A company that is In Business For Life nurtures the dignity of all people, starting with its own people.
By Brad Lindemann
I recall interviewing a single mom who tearfully told me about the travails of her teenaged son. He had gotten so out of control that she had no choice but to put him in one of those very strict private boot camp like facilities. She was desperately trying to keep him out of the legal system, knowing that once he went down that slippery slope he may never come back.
Having our fair share of experience with rebellious teenagers, my wife and I are very sympathetic and empathetic to parents in such situations. We’ve felt the self-incrimination and the harsh judgments coming from the “perfect kids” parents.
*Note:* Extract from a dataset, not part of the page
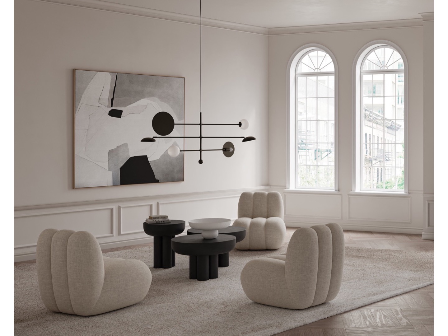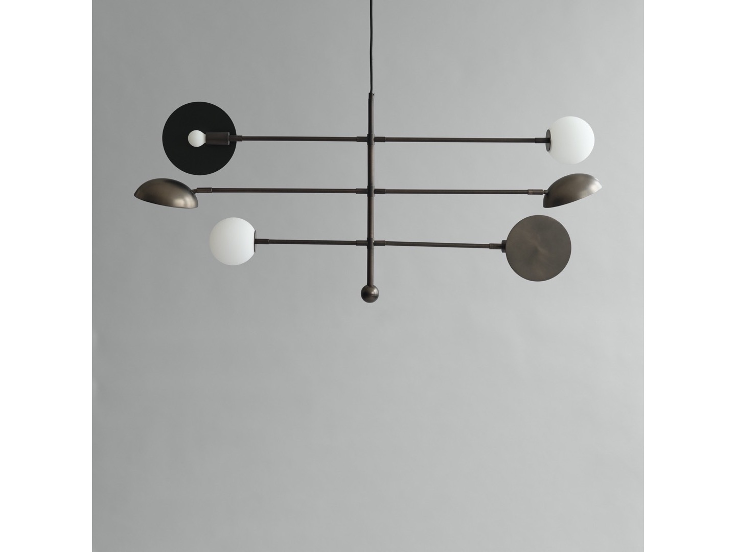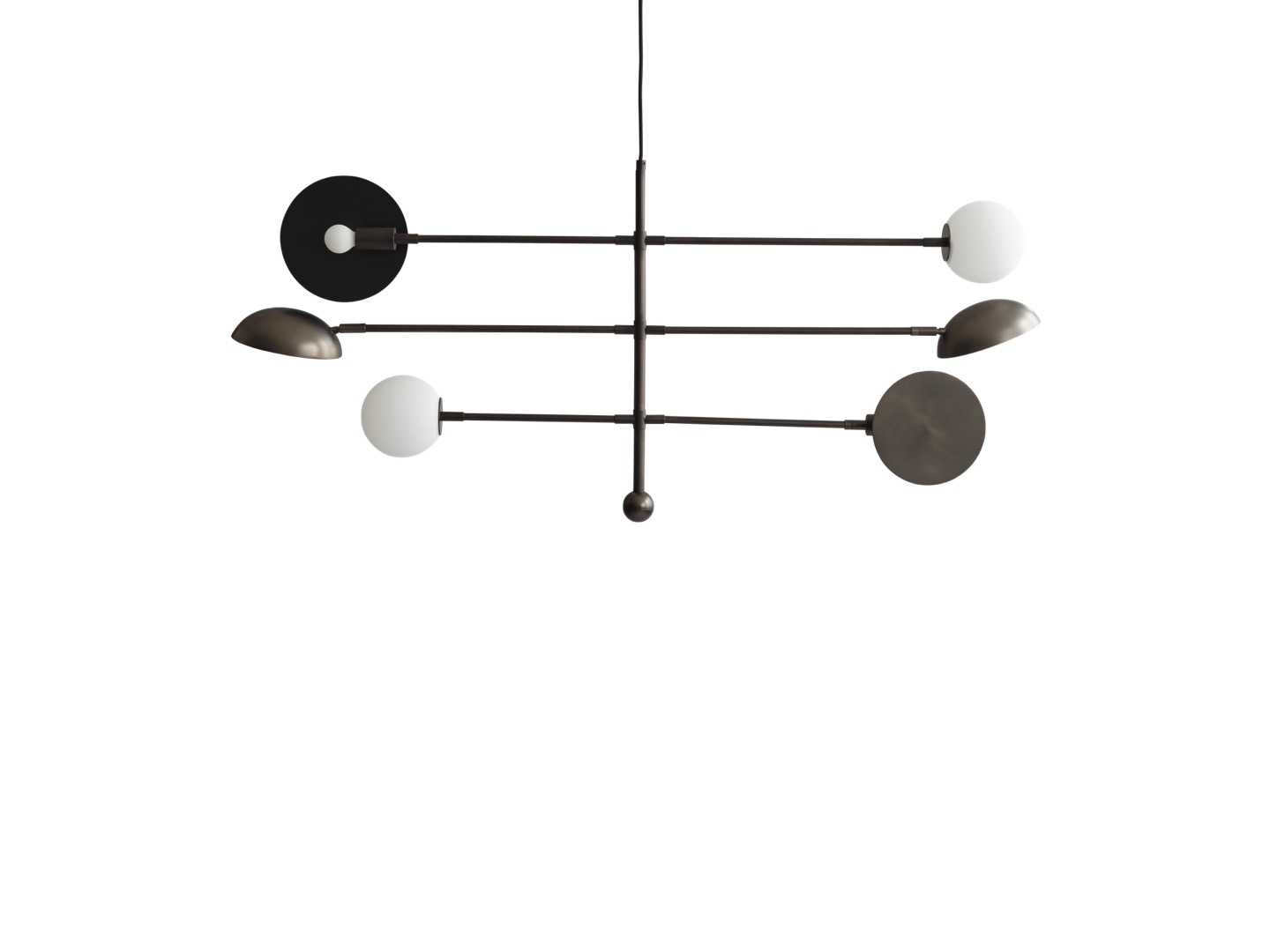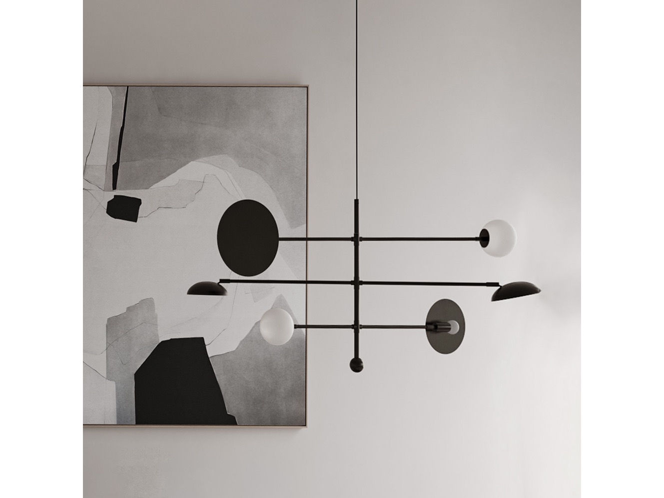 Zainspirowany futurystycznym designem lat 70. i epoką kosmosu, żyrandol Sahn to przede wszystkim ruch i elastyczność. Ramiona lampy i klosz mogą się obracać i skręcać w różnych kierunkach, podkreślając niepowtarzalne i rzeźbiarskie oświetlenie pomieszczenia.

We know how it feels to be loathed by the ones you love so deeply that you’d gladly trade your life for theirs. And as a business person, I well know how difficult it is to focus upon the business at hand when you have a child with one foot over a cliff.
That’s why we embrace the whole person…bags and all. Sometimes it helps just knowing that you’re not alone and that others have gone before you. Sometimes your co-workers (even your boss) can be the best support system available, particularly in broken family situations. Sometimes it just helps to talk about the things that trouble you the most. Not so much because your listeners will be able to solve your problems. But rather, having been listened to with understanding, you will be better equipped to solve them yourself.
Don’t confuse “embracing the whole person” with minding someone else’s business. We’ve been very careful over the years to respect the personal boundaries of our employees. We don’t force transparency. We simply make it a safe and sensible way to be should our employees want or need to be so. Otherwise, the burden of keeping one’s personal baggage hidden becomes yet one more rock in an already very heavy bag.